The plaintiffs subsequently moved to vacate the default under CPLR 5015(a)(1), asserting law office failure as the reason for not filing timely opposition. The Supreme Court denied the motion, and the plaintiffs appealed.
Holding
The Appellate Division, Second Department affirmed the denial of the motion to vacate. The court applied the two-part test requiring a showing of both a reasonable excuse for the default and a potentially meritorious opposition. The court found that the plaintiffs’ counsel’s claim of law office failure — that the firm’s office “inadvertently calendared the return date of the defendants’ motions one week later than the actual return date” — was insufficient. The court characterized this as “vague and conclusory allegations of law office failure” that did not constitute a reasonable excuse.

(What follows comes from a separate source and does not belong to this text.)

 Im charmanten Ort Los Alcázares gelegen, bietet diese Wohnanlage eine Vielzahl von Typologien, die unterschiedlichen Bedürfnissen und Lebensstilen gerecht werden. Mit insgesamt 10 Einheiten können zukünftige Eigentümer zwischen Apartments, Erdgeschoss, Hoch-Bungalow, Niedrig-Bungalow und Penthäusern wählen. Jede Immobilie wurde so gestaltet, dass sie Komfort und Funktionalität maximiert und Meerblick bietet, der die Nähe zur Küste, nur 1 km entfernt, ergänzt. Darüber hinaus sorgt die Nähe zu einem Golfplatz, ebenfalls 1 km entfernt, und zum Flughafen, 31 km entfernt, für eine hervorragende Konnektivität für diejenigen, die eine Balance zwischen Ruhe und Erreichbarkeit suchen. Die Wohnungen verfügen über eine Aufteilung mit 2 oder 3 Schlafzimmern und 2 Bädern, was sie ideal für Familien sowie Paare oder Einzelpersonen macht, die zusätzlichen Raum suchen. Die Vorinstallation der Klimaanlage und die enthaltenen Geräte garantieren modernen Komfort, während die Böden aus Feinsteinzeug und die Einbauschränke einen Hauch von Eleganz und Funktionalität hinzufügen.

The court also noted that the stipulation between the parties “explicitly set forth the deadline for the plaintiffs to file their opposition papers,” making the calendaring error particularly inexcusable. When a specific deadline has been negotiated and memorialized in a stipulation, counsel’s failure to accurately calendar that date reflects “mere neglect” rather than excusable law office failure.
Takeaways
This decision reinforces the strict standard for vacating defaults based on law office failure, particularly when the default involves a missed deadline set by stipulation. Courts distinguish between excusable law office failure — which might include, for example, a sudden staff emergency that disrupted operations — and mere calendaring errors, which reflect the kind of routine negligence that does not warrant relief. The more specific and documented the deadline (as in a written stipulation), the less likely a court will accept a calendaring error as a reasonable excuse.

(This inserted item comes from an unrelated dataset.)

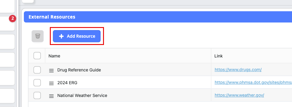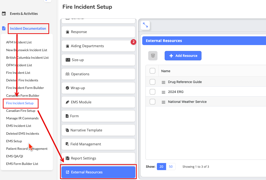 Q: Can I reorder the external resources in the list? A: Check your Fire Incident Setup interface for drag-and-drop functionality or ordering options. If not available, resources are typically displayed in the order they were created.

The case also demonstrates the serious consequences of failing to oppose a serious injury threshold motion in a no-fault automobile accident case. If the motion is granted on default, the plaintiff loses the ability to recover non-economic damages entirely, and vacating the default requires clearing the reasonable excuse hurdle — a showing that many plaintiffs cannot make.
Why It Matters
For personal injury practitioners, this case is a stark reminder that missed deadlines in no-fault threshold motions can be case-ending. The serious injury threshold is a critical issue in New York automobile accident litigation, and failure to oppose a defendant’s summary judgment motion on this issue — even through inadvertence — can result in permanent dismissal that cannot be undone. Law firms should implement robust calendaring systems with multiple reminders, particularly for stipulated deadlines that cannot be extended without the opposing party’s consent.